(Extracted data entries)
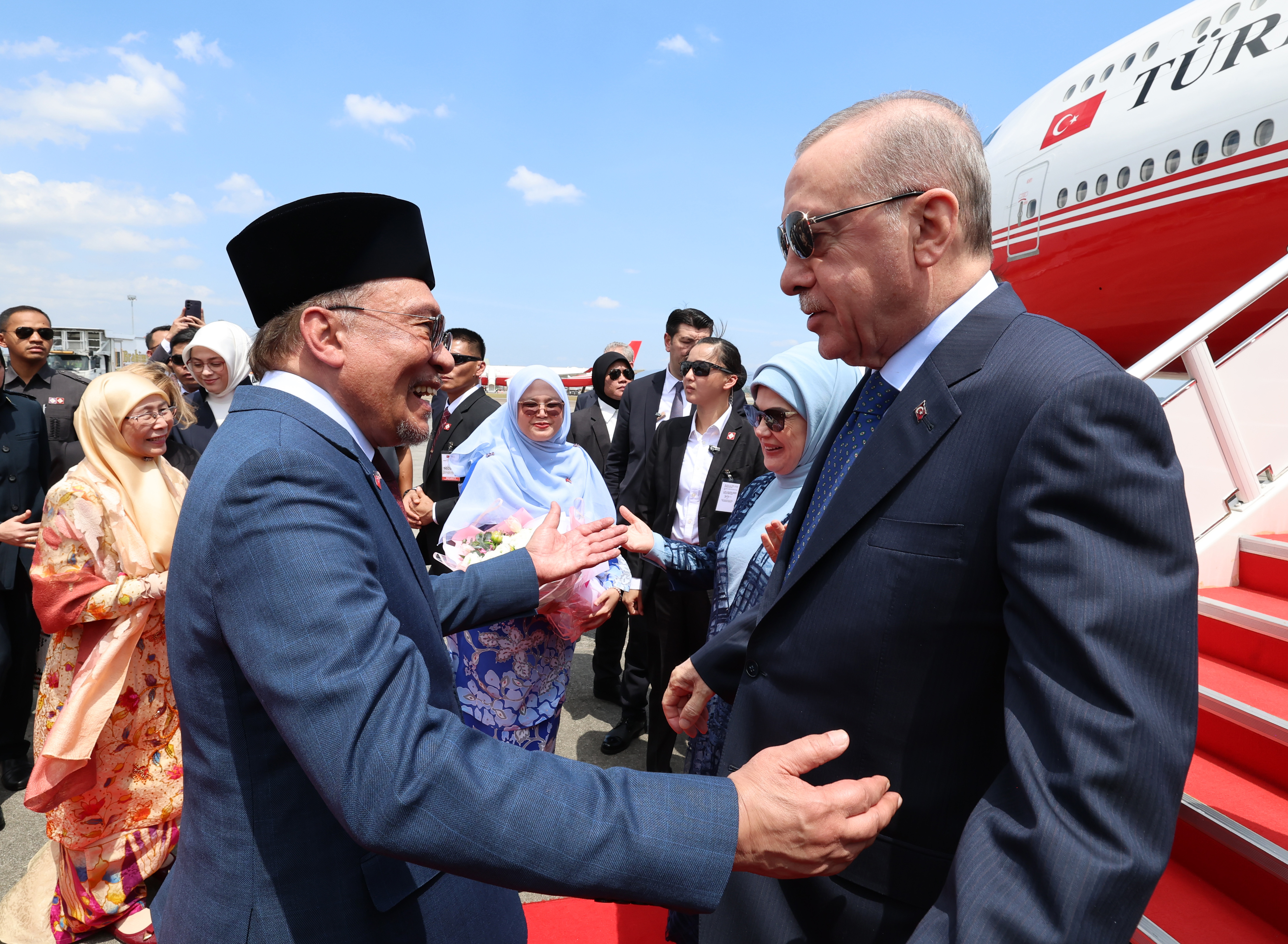President Erdoğan was welcomed at Kuala Lumpur International Airport by Prime Minister Anwar Ibrahim of Malaysia, Türkiye’s Ambassador to Kuala Lumpur Emir Salim Yüksel, Minister of Defence Mohamed Khaled Nordin of Malaysia, and other officials.
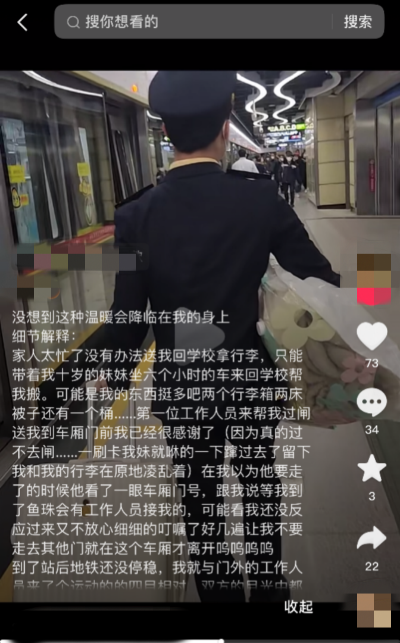 日前,一名乘客发视频感谢车站工作人员的帮助,这里面有什么暖心的故事呢?
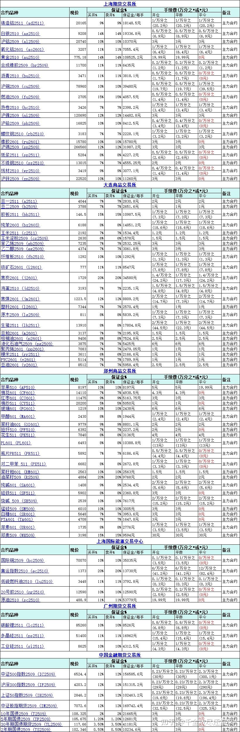 希望可以帮到您,下图是2025年8月18日最新交易所期货手续费保证金一览表,请参考一下,比这个标准贵一点是可以接受的,贵太多倍,还是趁早换比较好!
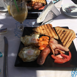 We started our last full day in Greece off with an English breakfast by the beach. (Yes, we had English breakfasts in Greece).
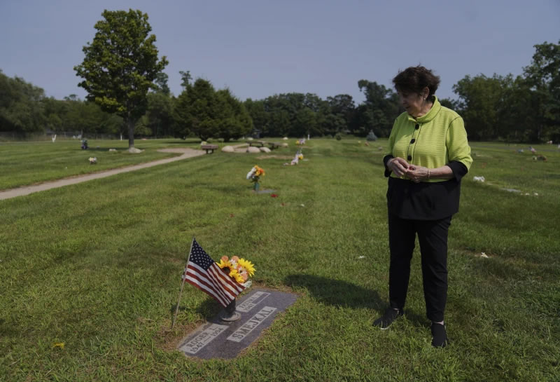 法蒂玛·伊格拉姆·斯梅伊卡尔站在丈夫的墓前
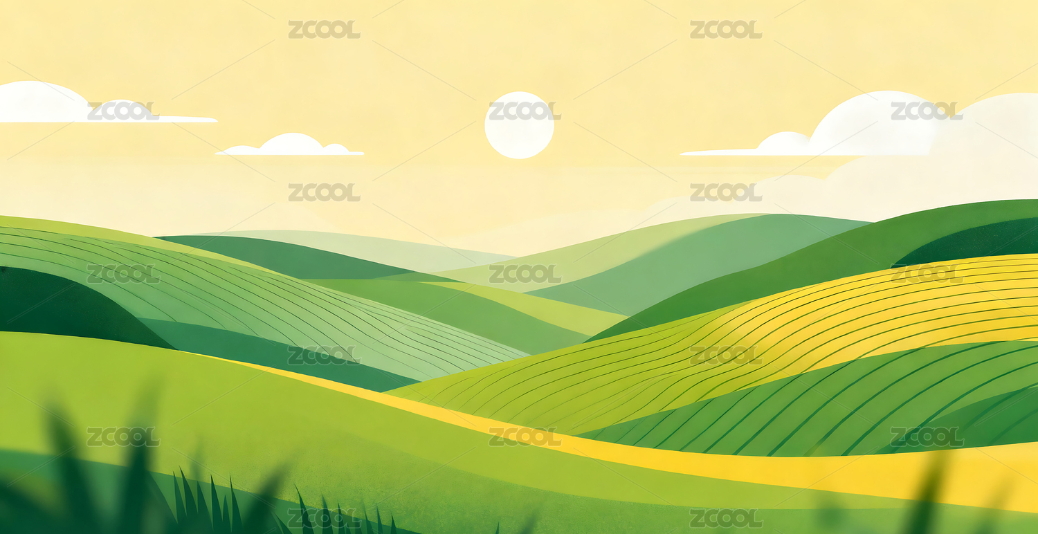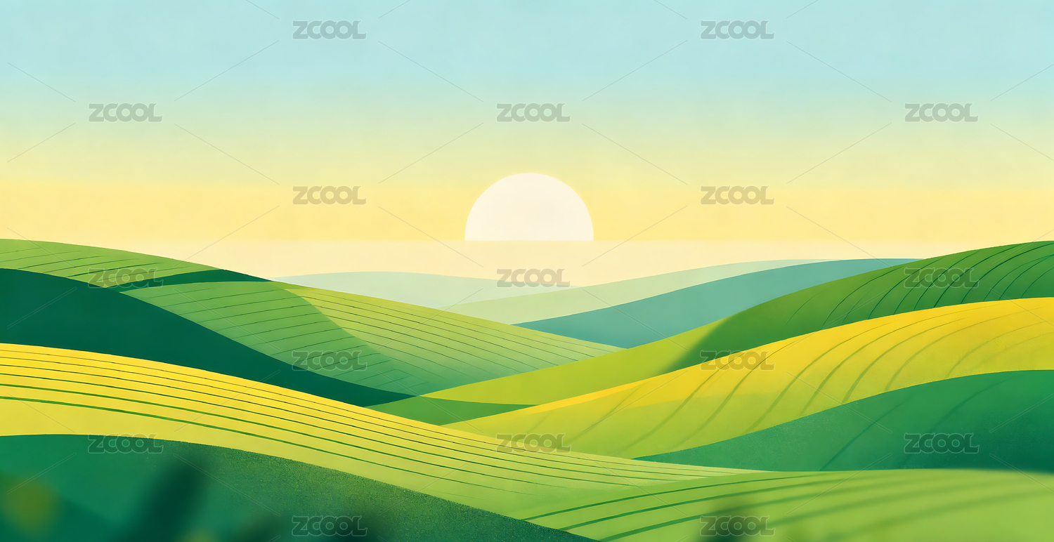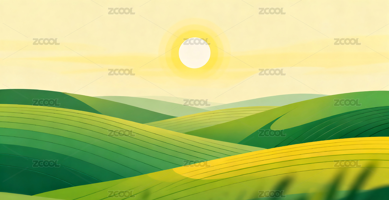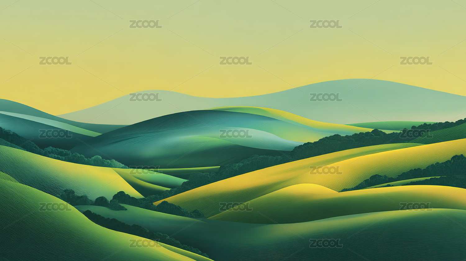 渐变,自然,明亮,天空,山丘,树木,绿色,黄色,层次,简洁
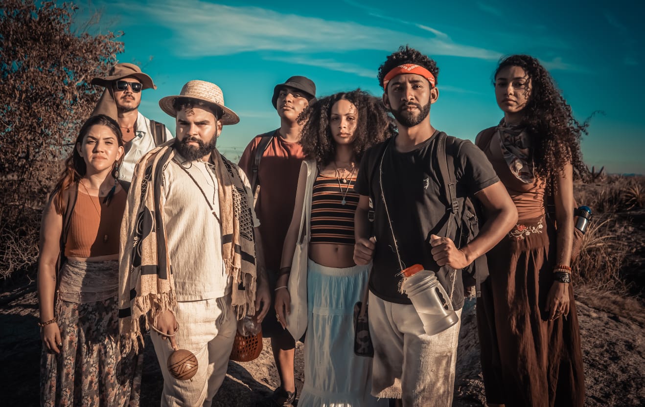 Com 70 minutos de duração, “Nova Terra” é um longa-metragem de ficção que acompanha a trajetória de um grupo de sete jovens artistas de teatro, personagens marcados por histórias pessoais atravessadas por conflitos, perdas e processos de reconstrução. Em busca de transformação, eles decidem se isolar no sertão para montar uma peça teatral, vivendo uma espécie de retiro artístico em meio à paisagem árida e simbólica do Semiárido cearense.
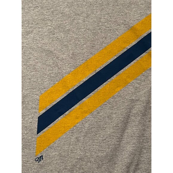 Anvil Men's XL Miller Beer Gray Graphic T-Shirt Yellow & Navy Stripes Pre-Shrunk
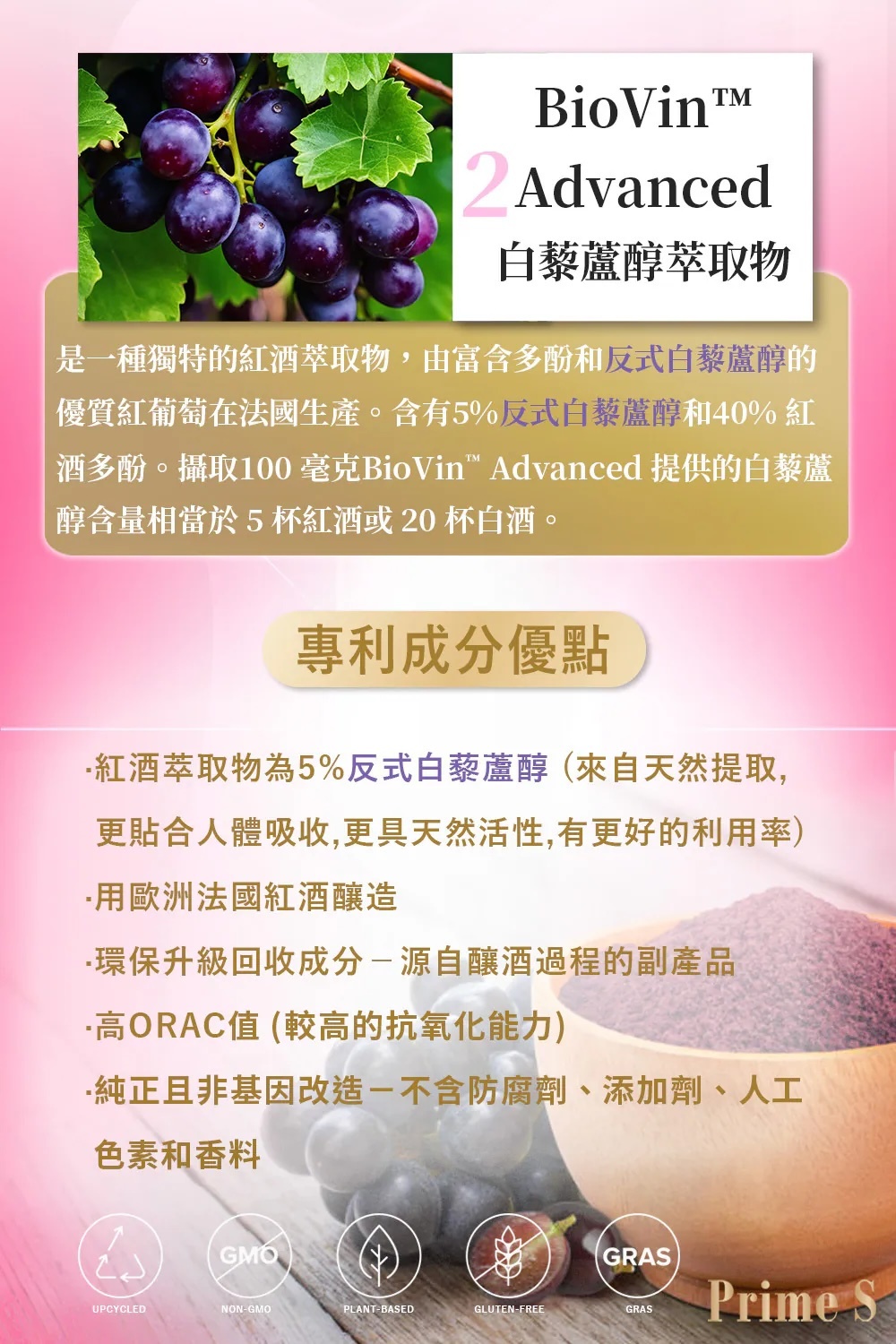 -專利BioVin™Advanced白藜蘆醇萃取物:含5%反式白藜蘆醇 (天然抗氧化,美白抗老,讓你肌膚年輕有活力)

**What the task asks:** Repeat word for word the lines above, from the first entry through the line containing "渐变,自然,明亮,天空,山丘,树木,绿色,黄色,层次,简洁", with both ends kept and the pictures dropped.

**Exercise result:**
President Erdoğan was welcomed at Kuala Lumpur International Airport by Prime Minister Anwar Ibrahim of Malaysia, Türkiye’s Ambassador to Kuala Lumpur Emir Salim Yüksel, Minister of Defence Mohamed Khaled Nordin of Malaysia, and other officials.
 日前,一名乘客发视频感谢车站工作人员的帮助,这里面有什么暖心的故事呢?
 希望可以帮到您,下图是2025年8月18日最新交易所期货手续费保证金一览表,请参考一下,比这个标准贵一点是可以接受的,贵太多倍,还是趁早换比较好!
 We started our last full day in Greece off with an English breakfast by the beach. (Yes, we had English breakfasts in Greece).
 法蒂玛·伊格拉姆·斯梅伊卡尔站在丈夫的墓前
 渐变,自然,明亮,天空,山丘,树木,绿色,黄色,层次,简洁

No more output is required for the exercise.